2. Are e-commerce sellers immune under Section 230 of the Communications Decency Act for conduct involving intentional concealment when the claim does not involve the publication of third-party content or editorial decision-making?(Mot. at 18.) Amazon argues that the court should deny this request because “certification is unavailable post-judgment,” and “even if certification were available, their request is an abuse of the procedure and does not meet the substantive statutory criteria.” (Resp. at 10-12.)

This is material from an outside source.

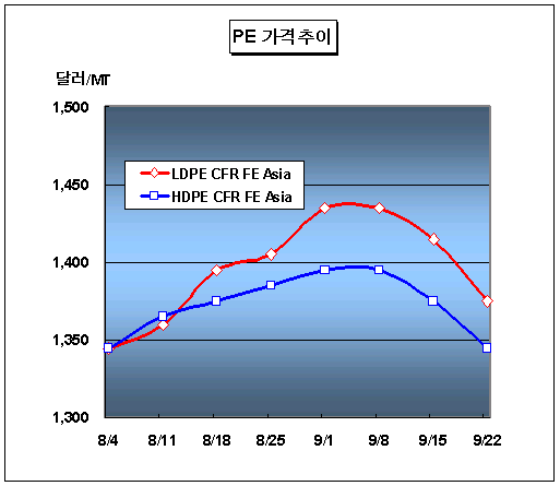 표, 그래프: | PE 가격추이 > | <화학저널 2006/09/25> |
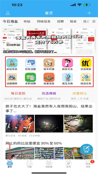 2、用戶打開海鹽網軟件,登錄進入首頁,用戶可在首頁查看今日天氣、熱帖、優選商城、最新發布等。

The court agrees with Amazon. RCW 2.60.020, the source of the court's statutory authority to certify questions, applies only when “a proceeding is pending” before the “federal court.” RCW 2.60.020. The court entered a final judgment dismissing this case with prejudice on June 27, 2023 (see Judgment), and the docket reflects that the case has been “[t]erminated” (see Dkt.). Additionally, the court has denied Plaintiffs' Rule 59(e) motion to amend the judgment and reopen the case. (See supra §§ III.B, C.) Accordingly, certification is not an option because “[t]he case is . . . not ‘pending'-it is closed.” Drammeh v. Uber Techs. Inc., No. C21-0202BJR, 2022 WL 17764004, at *1 (W.D. Wash. Dec. 19, 2022).
The cases cited by Plaintiffs support this conclusion; in those cases, the Ninth Circuit certified questions to the Washington State Supreme Court while the case was pending on appeal. (See Reply at 6 (first citing Bylsma v. Burger King Corp., 676 F.3d 779, 781 (9th Cir. 2012); then citing Potter v. City of Lacy, 46 F.4th 787, 794 (9th Cir. 2022); and then citing Barlow v. Washington, 38 F.4th 62 (9th Cir. 2022)).)
III. CONCLUSION
For the foregoing reasons, the court DENIES Plaintiffs' motion to amend the judgment, to grant Plaintiffs leave to file a second amended complaint, or, in the alternative, to certify questions to the Washington State Supreme Court (Dkt. # 62).
Dated this 25th day of August, 2023.